Cootie. This is one I played as a kid. It's super-simple. Roll the dice. Obtain the corresponding bug part. Build your bug. Run around the house and play with the cootie bug afterwards. My kiddos have been playing this one for some time. They learned some pretty handy board game skills -- like taking turns and rolling a dice. (Dice-rolling, I learned, is counter-intuitive. If you need a six to win, why would you try to get a six by dropping it, instead of setting it on the right face? We used a cup to roll the dice for a while). Super-simple game, cool components.
Candyland. Players draw a card on their turn and move to the next spaces the matches the color on the card. There are some special cards that transport the player to a particular spot, and some spaces that do good or bad things. The hardest part of this game is figuring out which direction is forward on the twisty, wiggly path cutting through abundant illustrations. But I think the illustrations are also a large part of why the children like the game.
Sequence for Kids. This is my favorite, and the reason I decided to write this post, because I'd never heard of it before. I thought it would take my kids some time to learn, because it's a more complicated game where playing actually requires strategy (Cootie and Candyland are completely random).
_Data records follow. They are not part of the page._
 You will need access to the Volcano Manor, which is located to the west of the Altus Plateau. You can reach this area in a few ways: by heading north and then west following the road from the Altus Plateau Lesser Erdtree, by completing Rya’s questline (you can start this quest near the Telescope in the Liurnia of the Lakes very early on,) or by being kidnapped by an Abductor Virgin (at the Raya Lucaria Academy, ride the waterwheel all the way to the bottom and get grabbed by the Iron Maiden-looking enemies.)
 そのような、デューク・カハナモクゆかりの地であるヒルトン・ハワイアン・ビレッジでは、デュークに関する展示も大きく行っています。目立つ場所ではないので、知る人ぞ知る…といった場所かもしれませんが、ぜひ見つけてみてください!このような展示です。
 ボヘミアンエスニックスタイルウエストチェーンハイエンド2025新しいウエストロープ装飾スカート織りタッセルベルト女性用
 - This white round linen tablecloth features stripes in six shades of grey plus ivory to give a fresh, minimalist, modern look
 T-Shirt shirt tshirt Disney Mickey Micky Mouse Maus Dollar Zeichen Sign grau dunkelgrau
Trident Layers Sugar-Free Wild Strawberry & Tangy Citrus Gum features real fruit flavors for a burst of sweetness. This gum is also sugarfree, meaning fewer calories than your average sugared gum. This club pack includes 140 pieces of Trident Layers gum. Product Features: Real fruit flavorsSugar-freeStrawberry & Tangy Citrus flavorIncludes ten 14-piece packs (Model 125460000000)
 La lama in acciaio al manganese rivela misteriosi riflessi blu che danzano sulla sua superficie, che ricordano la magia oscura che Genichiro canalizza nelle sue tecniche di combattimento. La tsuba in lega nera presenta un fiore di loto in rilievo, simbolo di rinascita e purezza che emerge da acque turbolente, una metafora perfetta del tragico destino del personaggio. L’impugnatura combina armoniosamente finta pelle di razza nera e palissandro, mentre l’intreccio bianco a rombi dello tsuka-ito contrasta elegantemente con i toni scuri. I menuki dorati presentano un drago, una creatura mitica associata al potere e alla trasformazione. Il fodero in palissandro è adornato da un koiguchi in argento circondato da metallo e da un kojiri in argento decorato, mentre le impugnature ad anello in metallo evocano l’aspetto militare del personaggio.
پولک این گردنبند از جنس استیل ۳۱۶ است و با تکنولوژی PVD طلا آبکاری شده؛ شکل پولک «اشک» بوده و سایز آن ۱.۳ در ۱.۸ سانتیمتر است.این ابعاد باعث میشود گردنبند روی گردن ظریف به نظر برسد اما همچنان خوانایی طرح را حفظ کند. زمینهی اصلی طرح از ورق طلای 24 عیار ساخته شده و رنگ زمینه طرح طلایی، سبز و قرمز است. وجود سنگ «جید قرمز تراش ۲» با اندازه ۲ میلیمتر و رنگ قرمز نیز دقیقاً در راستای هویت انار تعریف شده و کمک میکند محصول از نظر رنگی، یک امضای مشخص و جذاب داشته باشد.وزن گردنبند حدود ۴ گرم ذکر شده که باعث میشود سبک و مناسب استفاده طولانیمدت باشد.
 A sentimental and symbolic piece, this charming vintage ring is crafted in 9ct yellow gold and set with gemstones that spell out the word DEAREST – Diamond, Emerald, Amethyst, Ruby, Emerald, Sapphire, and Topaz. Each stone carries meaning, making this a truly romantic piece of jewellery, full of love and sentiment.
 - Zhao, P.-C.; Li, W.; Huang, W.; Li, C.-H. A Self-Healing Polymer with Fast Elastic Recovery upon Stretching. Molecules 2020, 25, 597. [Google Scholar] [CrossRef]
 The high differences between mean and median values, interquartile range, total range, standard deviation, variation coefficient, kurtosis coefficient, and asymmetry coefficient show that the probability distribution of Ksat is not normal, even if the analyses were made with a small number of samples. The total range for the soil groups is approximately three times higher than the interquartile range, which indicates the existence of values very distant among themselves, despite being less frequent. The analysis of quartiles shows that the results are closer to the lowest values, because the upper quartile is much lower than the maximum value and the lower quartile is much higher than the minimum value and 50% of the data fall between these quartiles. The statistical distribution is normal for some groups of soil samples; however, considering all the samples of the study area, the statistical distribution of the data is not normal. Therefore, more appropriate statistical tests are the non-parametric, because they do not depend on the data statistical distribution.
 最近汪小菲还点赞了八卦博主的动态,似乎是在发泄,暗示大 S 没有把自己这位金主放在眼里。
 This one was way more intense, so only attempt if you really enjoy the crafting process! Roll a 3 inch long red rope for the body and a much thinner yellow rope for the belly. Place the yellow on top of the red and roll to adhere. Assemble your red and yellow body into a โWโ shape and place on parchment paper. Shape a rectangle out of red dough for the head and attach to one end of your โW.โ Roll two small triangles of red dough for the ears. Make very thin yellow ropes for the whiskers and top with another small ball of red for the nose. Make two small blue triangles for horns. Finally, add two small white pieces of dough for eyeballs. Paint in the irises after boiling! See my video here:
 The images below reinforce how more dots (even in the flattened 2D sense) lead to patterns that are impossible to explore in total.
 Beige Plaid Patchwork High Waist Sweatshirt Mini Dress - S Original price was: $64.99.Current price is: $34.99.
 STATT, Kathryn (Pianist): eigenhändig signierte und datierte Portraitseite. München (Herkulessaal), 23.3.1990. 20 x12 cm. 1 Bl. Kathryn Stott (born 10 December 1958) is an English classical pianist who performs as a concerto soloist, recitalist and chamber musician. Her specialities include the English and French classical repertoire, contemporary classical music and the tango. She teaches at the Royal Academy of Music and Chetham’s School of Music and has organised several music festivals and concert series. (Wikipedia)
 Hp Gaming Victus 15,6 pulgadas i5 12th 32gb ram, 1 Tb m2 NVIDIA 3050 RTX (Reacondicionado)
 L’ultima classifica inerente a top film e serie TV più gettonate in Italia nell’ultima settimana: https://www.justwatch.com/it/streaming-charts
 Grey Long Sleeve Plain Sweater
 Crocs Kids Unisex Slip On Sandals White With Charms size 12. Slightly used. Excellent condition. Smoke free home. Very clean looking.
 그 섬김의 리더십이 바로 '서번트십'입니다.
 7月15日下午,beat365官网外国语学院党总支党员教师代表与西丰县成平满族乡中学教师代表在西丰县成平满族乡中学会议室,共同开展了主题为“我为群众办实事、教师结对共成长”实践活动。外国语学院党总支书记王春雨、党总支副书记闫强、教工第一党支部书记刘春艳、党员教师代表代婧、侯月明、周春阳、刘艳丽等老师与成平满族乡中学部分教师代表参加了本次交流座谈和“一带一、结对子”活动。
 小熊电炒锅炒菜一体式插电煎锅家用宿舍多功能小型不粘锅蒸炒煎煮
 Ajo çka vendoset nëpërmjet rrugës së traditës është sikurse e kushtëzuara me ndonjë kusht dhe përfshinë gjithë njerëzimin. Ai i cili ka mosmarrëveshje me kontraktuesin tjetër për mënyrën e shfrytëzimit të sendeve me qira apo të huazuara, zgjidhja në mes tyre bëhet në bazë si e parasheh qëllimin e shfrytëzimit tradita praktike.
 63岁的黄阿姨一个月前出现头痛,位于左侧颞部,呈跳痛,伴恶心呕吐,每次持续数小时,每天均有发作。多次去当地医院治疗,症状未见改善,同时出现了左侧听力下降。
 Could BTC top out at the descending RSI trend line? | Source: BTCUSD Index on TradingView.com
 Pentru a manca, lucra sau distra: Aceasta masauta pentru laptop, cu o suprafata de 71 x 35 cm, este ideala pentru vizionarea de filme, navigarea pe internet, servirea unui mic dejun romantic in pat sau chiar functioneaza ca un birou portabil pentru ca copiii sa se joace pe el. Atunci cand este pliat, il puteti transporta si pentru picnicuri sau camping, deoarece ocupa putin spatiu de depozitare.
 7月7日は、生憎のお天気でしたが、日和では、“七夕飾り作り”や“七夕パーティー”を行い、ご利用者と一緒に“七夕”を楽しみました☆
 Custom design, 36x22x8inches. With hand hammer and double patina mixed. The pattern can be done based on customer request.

Each player has a hand of three cards. Each turn, they play one card and place one of their chips on one of two corresponding spaces on the board. The first to get four chips in a row wins. There are four free spaces, and two special cards: a unicorn that allows the player to play anywhere, and a dragon, which allows players to remove a chip.
Everyone learned the rules, if not the strategy behind winning, quickly. I was pleasantly surprised at how this worked for both ages in my house. The youngest just plays whichever animal he likes best. The 4yo has caught on that the choices he makes influences the outcome of the game. He's still learning the strategy, but he's abundantly fond of blocking people. Cootie was a great game to learn some basic game-playing skills on and have a good time, and I feel Candyland is in that same vein. This game feels like a great first step into strategy. And because there's strategy, it's one I'm happy to play over and over.
Hungry, Hungry Hippos. No taking turns. No strategy. Just chaotic marble-chomping. I don't know why, but there's something oddly relaxing about lever-mashing and hoping for marbles at the end. Kids think this is hilarious. Lots of fun -- which is, after all, kinda the point of games.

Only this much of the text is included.